#### Information provided
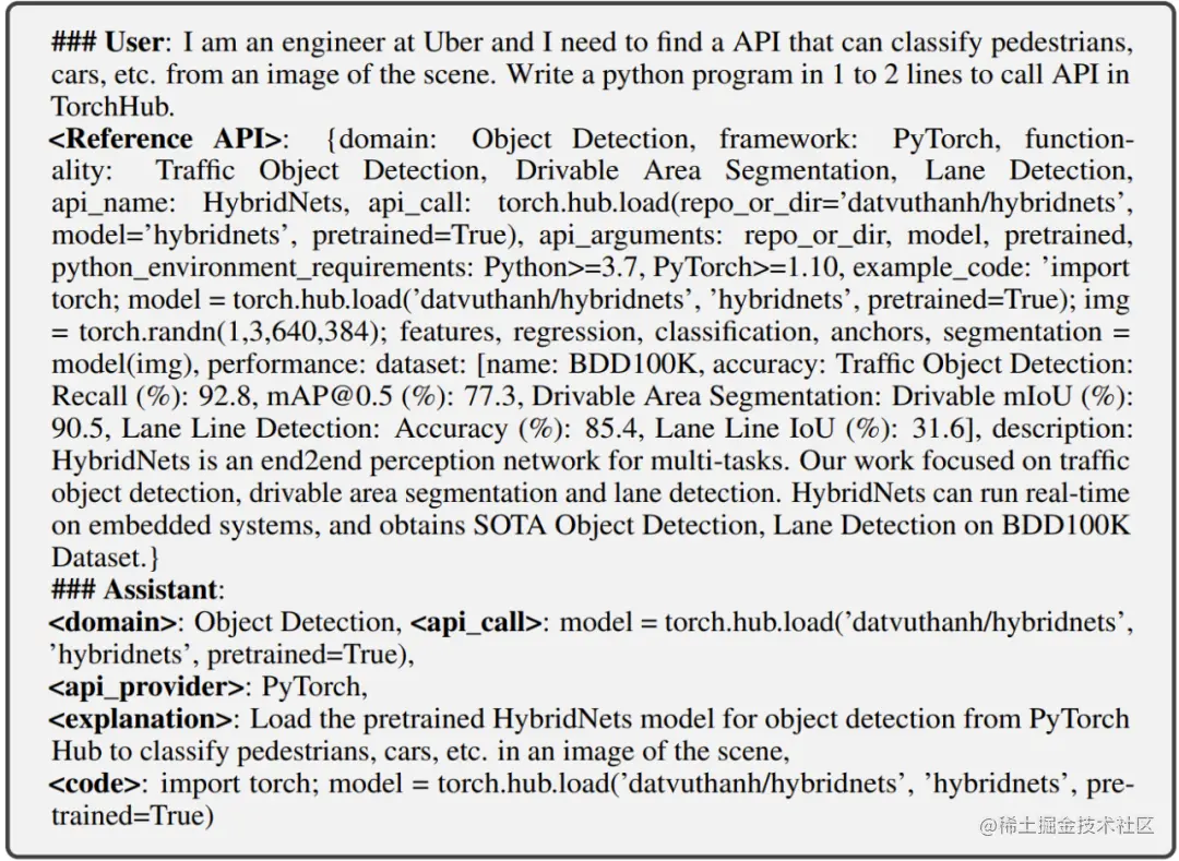 过滤后,从 HuggingFace 共获得 925 个模型。TensorFlow Hub 的版本分为 v1 和 v2。最新的 v2 版本共有 801 个模型,它们全部被纳入考虑。滤除信息很少和无信息的模型卡片后,剩余 626 个模型。类似地,研究者从 Torch Hub 得到了 95 个模型。最终得到 1645 个 API 调用。然后,他们将其中每一个的模型卡片都转换成一个 json 对象,其有以下字段:{域,框架,功能,api_名称,api_调用,api_参数,环境要求,示例代码,性能,描述}. 下方给出了一个例子。选取这些字段的目的是将这些机器学习域的 API 调用泛化到其它域,包括 RESTful API 调用。
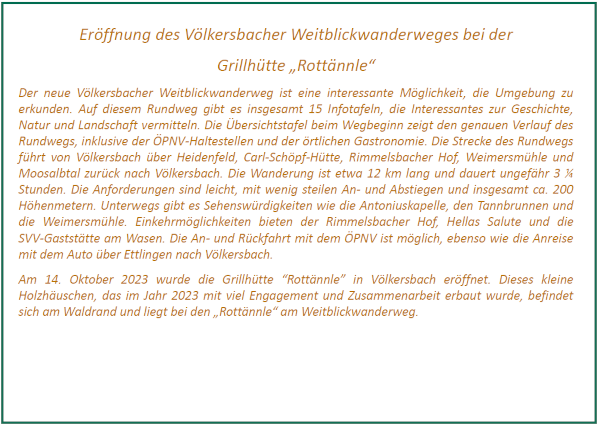 Das Wegekreuz in winterlicher Landschaft ist eines der 16 Kreuze auf Völkersbacher Gemarkung und vielen noch durch die Flurprozessionen an Christi Himmelfahrt bekannt. Wunderschöne Landschaftsfotos zeigen den idyllisch gelegenen Rimmelsbacher Hof, den Blick über den „Friedhofsbuckel“ zum Mahlberg im Frühjahr und das traumhafte Moosalbtal im herbstlichen Nebel.
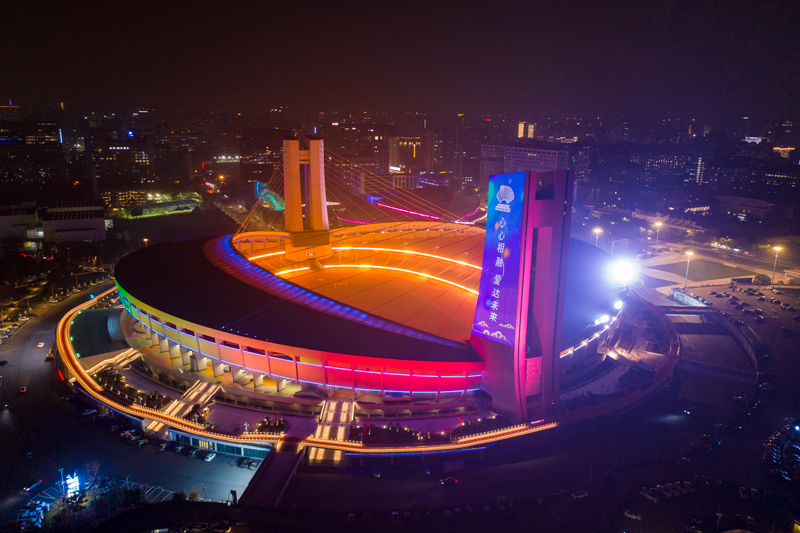 他們站在黃龍體育場錨固草坪上,看著由南北塔“變身”而來的“空中高清大屏”。這塊大屏既可隨時上演美輪美奐的燈光秀,也可實時呈現賽事演出活動的現場畫面。
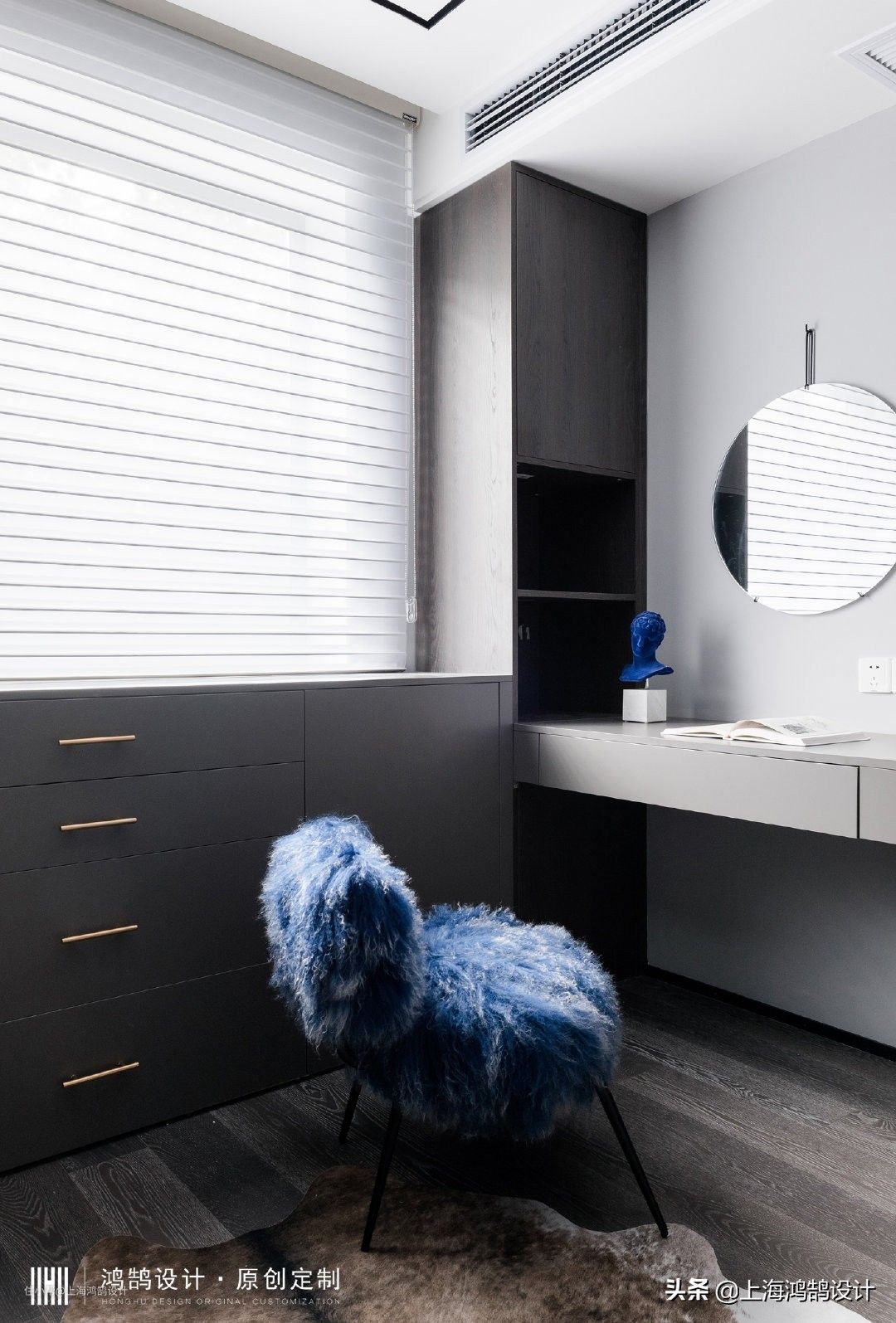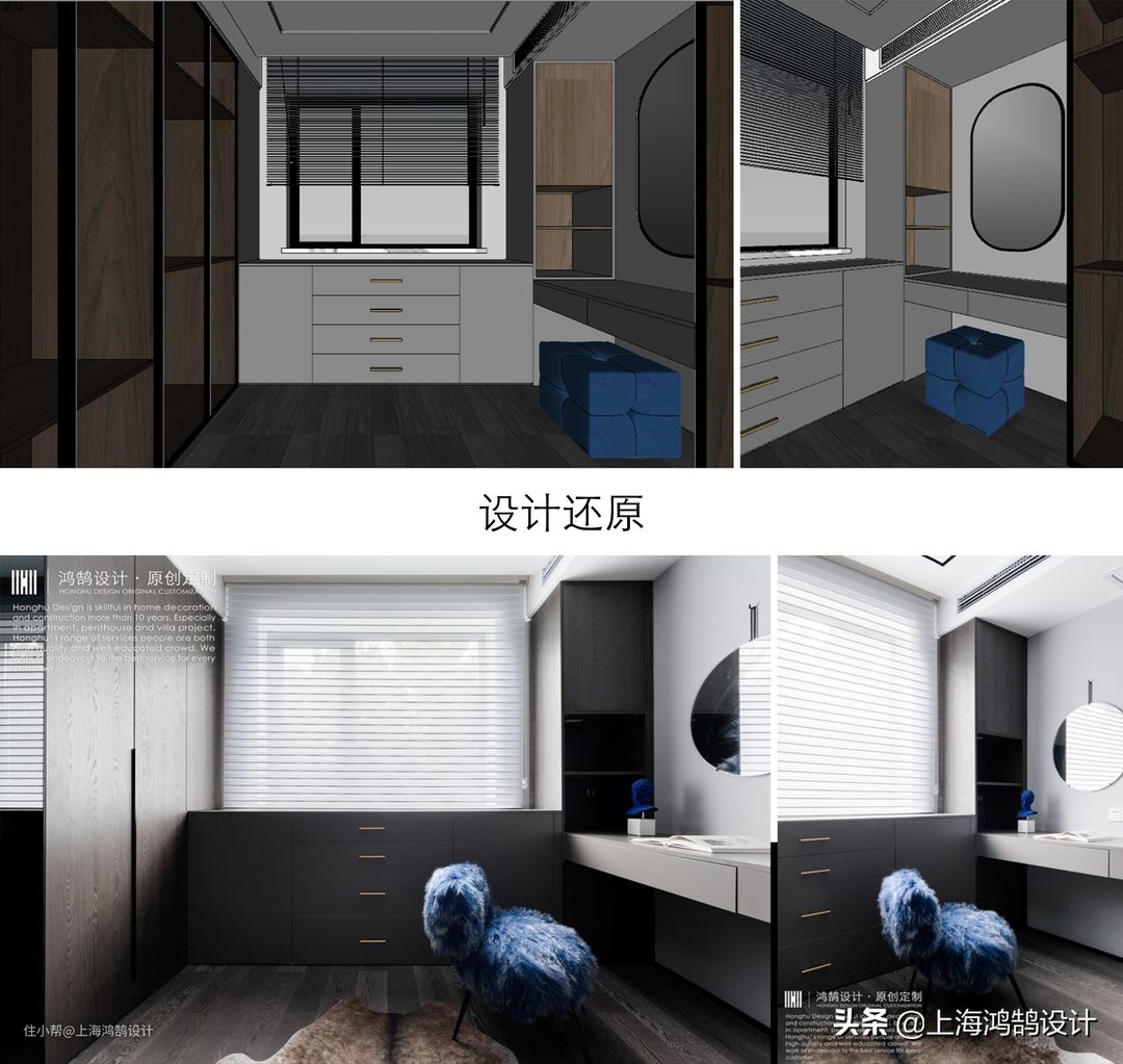 女业主没有结婚,父母平时不住,自己拥有大量的衣物、首饰、化妆品需要存放。客房由于尺寸受限,我们把主功能定义为衣帽间,次功能为临时的卧室,使用翻床来实现。窗下满做抽屉柜,代替传统斗柜使用,增加了收纳空间。
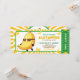 Styled like an “Admit One” ticket, this horizontal layout adds an exciting twist your guests won’t forget. It’s perfect for fruit-themed parties, tropical birthday bashes, or little ones who love silly characters and bold colours.
########
◆ **Task description**: Leaving out the pictures, restate word for word the lines above from the one containing "女业主没有结婚,父母平时不住" through the end of the records, both ends included.

◆ **Reply to the task**:
 女业主没有结婚,父母平时不住,自己拥有大量的衣物、首饰、化妆品需要存放。客房由于尺寸受限,我们把主功能定义为衣帽间,次功能为临时的卧室,使用翻床来实现。窗下满做抽屉柜,代替传统斗柜使用,增加了收纳空间。
 Styled like an “Admit One” ticket, this horizontal layout adds an exciting twist your guests won’t forget. It’s perfect for fruit-themed parties, tropical birthday bashes, or little ones who love silly characters and bold colours.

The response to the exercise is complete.